Example: Custom Builder That Only Regenerates When Necessary

class CmdBuilder < Rscons::Builder
  def run(target, sources, cache, env, vars)
    cmd = ["cmd", "-i", sources.first, "-o", target]
    unless cache.up_to_date?(target, cmd, sources, env)
      cache.mkdir_p(File.dirname(target))
      system(cmd)
      cache.register_build(target, cmd, sources, env)
    end
    target
  end
end

Rscons::Environment.new do |env|
  env.add_builder(CmdBuilder.new)
  env.CmdBuilder("foo.gen", "foo_gen.cfg")
end

Example: Custom Builder That Generates Multiple Output Files

class CModuleGenerator < Rscons::Builder
  def run(target, sources, cache, env, vars)
    c_fname = target
    h_fname = target.sub(/\.c$/, ".h")
    cmd = ["generate_c_and_h", sources.first, c_fname, h_fname]
    unless cache.up_to_date?([c_fname, h_fname], cmd, sources, env)
      cache.mkdir_p(File.dirname(target))
      system(cmd)
      cache.register_build([c_fname, h_fname], cmd, sources, env)
    end
    target
  end
end

Rscons::Environment.new do |env|
  env.add_builder(CModuleGenerator.new)
  env.CModuleGenerator("build/foo.c", "foo_gen.cfg")
end

Example: Custom Builder Using Builder#standard_build()

The standard_build method from the Rscons::Builder base class can be used when the builder needs to execute a system command to produce the target file. The standard_build method will return the correct value so its return value can be used as the return value from the run method.

class CmdBuilder < Rscons::Builder
  def run(target, sources, cache, env, vars)
    cmd = ["cmd", "-i", sources.first, "-o", target]
    standard_build("CmdBld #{target}", target, cmd, sources, env, cache)
  end
end

Rscons::Environment.new do |env|
  env.add_builder(CmdBuilder.new)
  env.CmdBuilder("foo.gen", "foo_gen.cfg")
end

Example: Custom Builder Using Environment#add_builder()

The add_builder method of the Rscons::Environment class optionally allows you to define and register a builder by providing a name and action block. This can be useful if the builder you are trying to define is easily expressed as a short ruby procedure. When add_builder is called in this manner a new builder will be registered with the environment with the given name. When this builder is used it will call the provided block in order to build the target.

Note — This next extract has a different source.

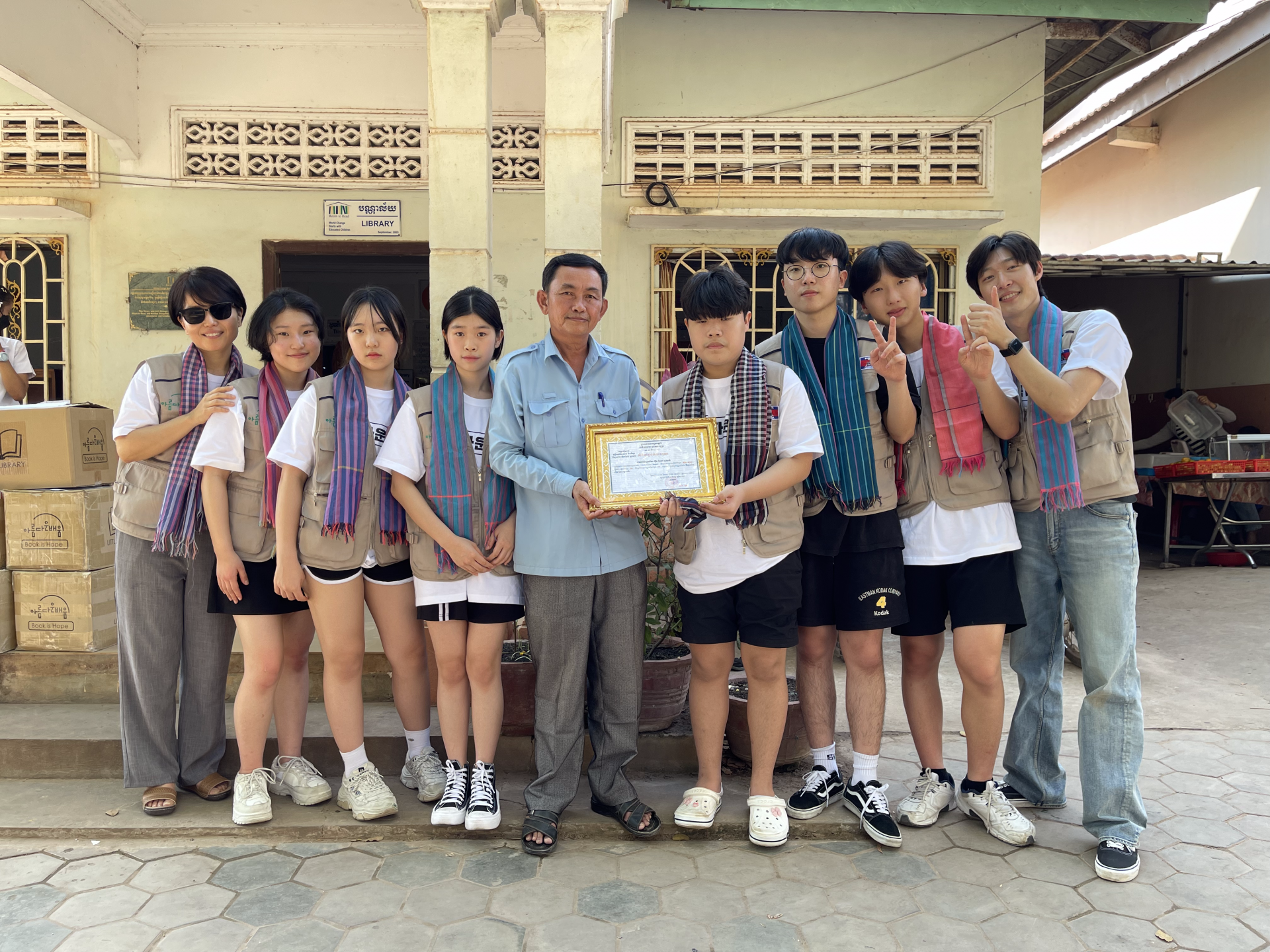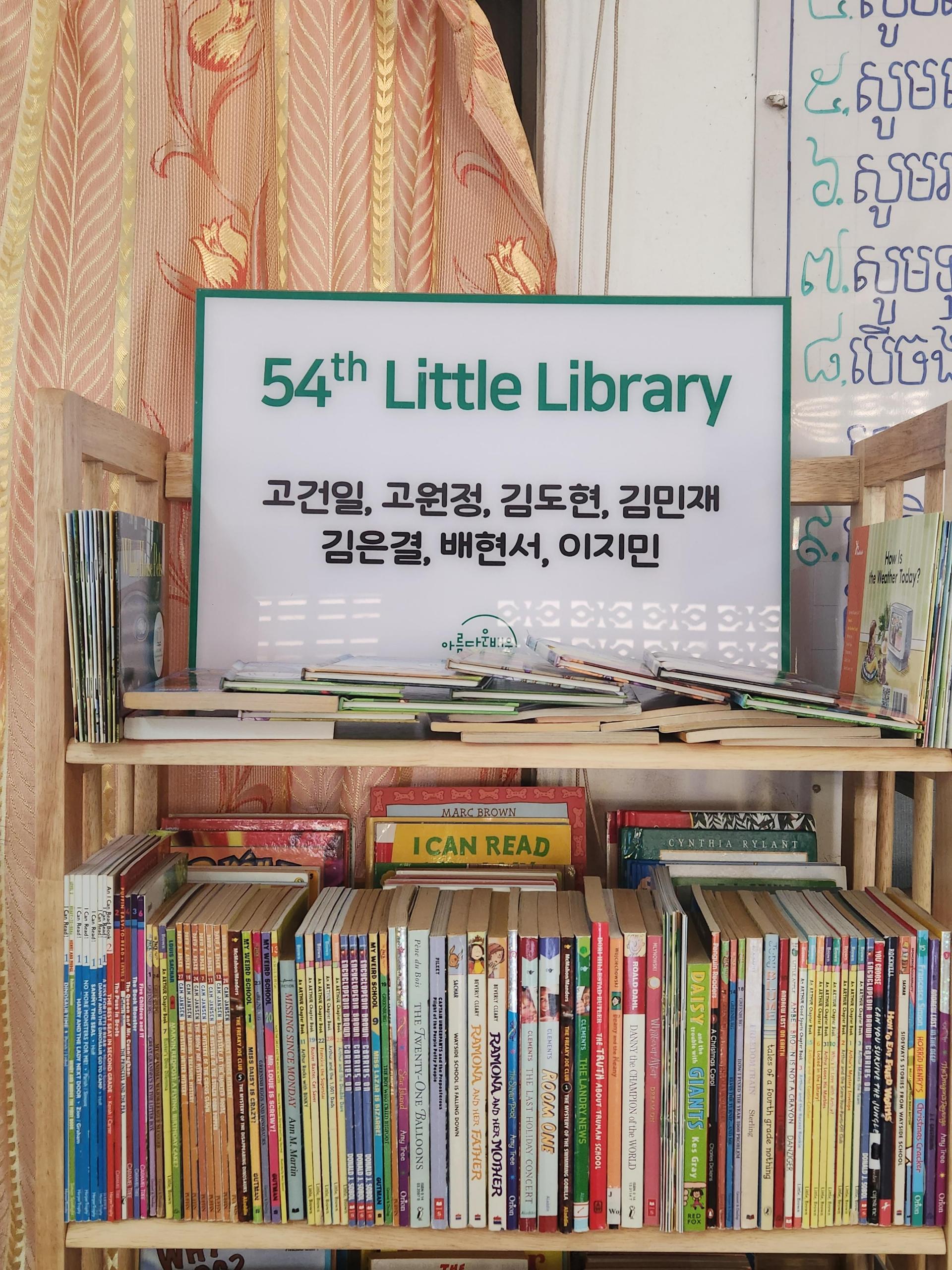 54호점은 지난 2월 캄보디아 비전트립 일정 중에 만든 도서관으로, 참여한 청소년들의 이름으로 지어졌습니다.

Rscons::Environment.new do |env|
  env.add_builder(:JsonToYaml) do |target, sources, cache, env, vars|
    unless cache.up_to_date?(target, :JsonToYaml, sources, env)
      cache.mkdir_p(File.dirname(target))
      File.open(target, 'w') do |f|
        f.write(YAML.dump(JSON.load(IO.read(sources.first))))
      end
      cache.register_build(target, :JsonToYaml, sources, env)
    end
    target
  end
  env.JsonToYaml('foo.yml','foo.json')
end

Example: Using different compilation flags for some sources

Rscons::Environment.new do |env|
  env["CFLAGS"] = ["-O3", "-Wall", "-DDEFINE"]
  env.add_build_hook do |build_op|
    if build_op[:target] =~ %r{build/third-party}
      build_op[:vars]["CFLAGS"] -= ["-Wall"]
    end
  end
  env.build_dir("src", "build")
  env.Program("program", Dir["**/*.cc"])
end

Each build hook block will be invoked for every build operation, so the block should test the target or sources if its action should only apply to some subset of build targets or source files.

Build hooks can alter construction variable values for a particular build operation. Build hooks can also register new build targets.

The build_op parameter to the build hook block is a Hash describing the build operation with the following keys: * :builder - Builder instance in use * :env - Environment calling the build hook; note that this may be different from the Environment that the build hook was added to in the case that the original Environment was cloned with build hooks! * :target - String name of the target file * :sources - Array of the source files * :vars - Rscons::VarSet containing the construction variables to use. The build hook can overwrite entries in build_op[:vars] to alter the construction variables in use for this specific build operation.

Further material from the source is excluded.